Sinatra (who except for Ocean's 11 produced all these pictures) said they were meant to be nothing more than entertainment, but that is tested by 4 for Texas (1963). It didn't help that the film was carelessly cropped after the opening titles; still, I doubt there was anything missing from the frame that might have helped. I'm a fan of director Robert Aldrich and have read (and written) spirited defenses of his less-regarded work. Never a one on this picture, however, and I doubt anyone will pick up the banner. Aldrich and Sinatra, a good match on paper for a more dramatic movie, reportedly clashed during the filming of this sludgy riverboat gamblers farce, and even with Charles Bronson, Victor Buono, and the lusciously blank Anita Ekberg and Ursula Andress in the cast it just sits there, uncomfortably docked. Most painful is a feeble, final reel appearance by the last incarnation of The Three Stooges, though they at least are more in their element. I imagine it's preferable to some of the comic pictures Sinatra and Martin made. I am not, however, planning to check.

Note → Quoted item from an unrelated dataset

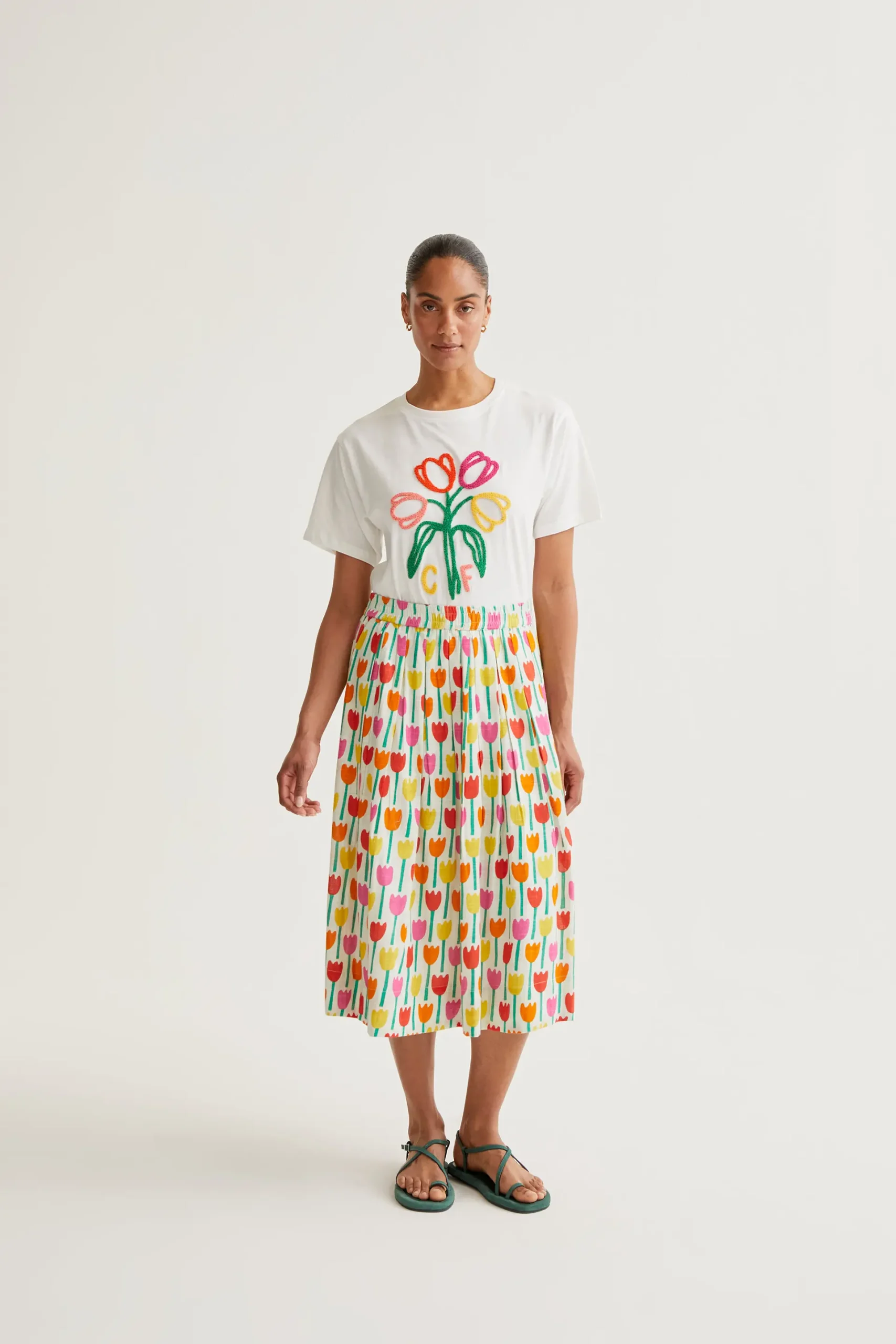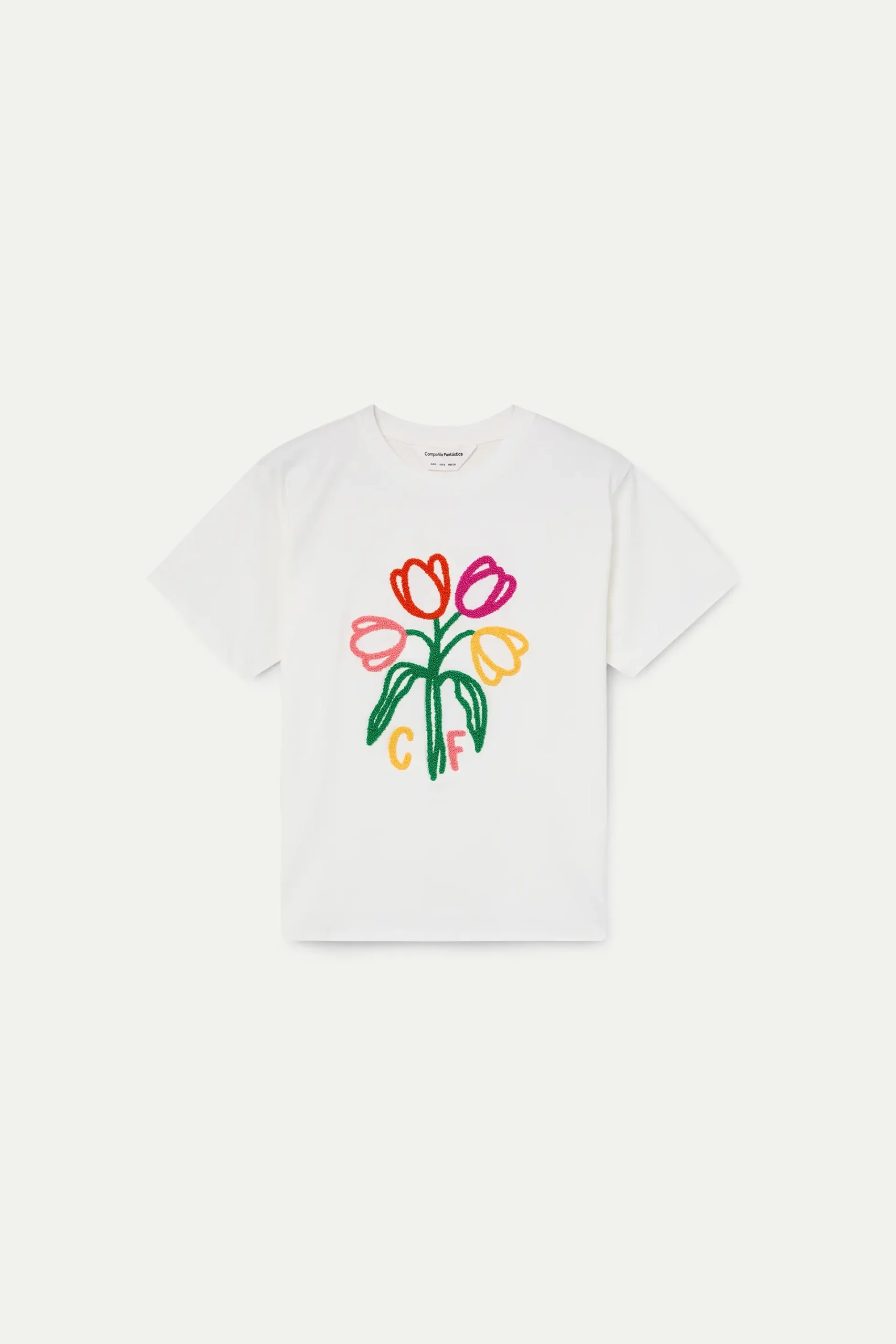 Camiseta de tejido 100% algodón con bordado de tulipanes y logo «CF». Cuello redondo y manga corta. La modelo mide 173 cm y lleva la talla S.

1964's Robin and the 7 Hoods is more like it. It's a cheerful, if dawdling, picture, despite the disruptions of JFK's assassination and the kidnapping of Sinatra's son during shooting. The only (sort-of) musical in the bunch, introducing the standard "My Kind of Town" in the opening credits and in performance by Sinatra toward the close, it has a pleasant Roaring Twenties atmosphere in ganster-ridden old Chicago and with the welcome Peter Falk (as the bad guy) and Bing Crosby (as a fop) in the cast a new pack is complete. Barbara Rush also has more to do in the distaff part, an afterthought in these boys' club movies. [Edward G. Robinson also shows up in an opening sequence cameo.] Sinatra's role in these pictures was pretty much to hold them steady, which he does; this one's stolen by Sammy, whose song-and-dance routine "Bang!," atop a speakeasy card table, is the highlight. [This is one of those films that must look like absolute hell minus letterboxing.] With a revamped book and more musical numbers--they are sparsely apportioned, as if no one really wanted to commit to the genre--this might work as a Broadway show. Gordon Douglas, an old Sinatra hand, directs anonymously but functionally, and I wonder what path these shows might have taken had there been more of them. The gig was concluded, however, save for an appearance by Martin, Davis, Jr., Rat Packette Shirley MacLaine, and the Chairman of the Board in 1984's The Cannonball Run II, one of Burt Reynolds' good-ol-boy vehicles, and a picture to make 4 for Texas look like vintage Preston Sturges.

Speaking of Sinatra, the last of the four, thus far terrific TV specials TCM is broadcasting, 1973's Ol' Blue Eyes is Back, airs tomorrow. This one pairs him with his MGM buddy, Gene Kelly. I'll be tuning in.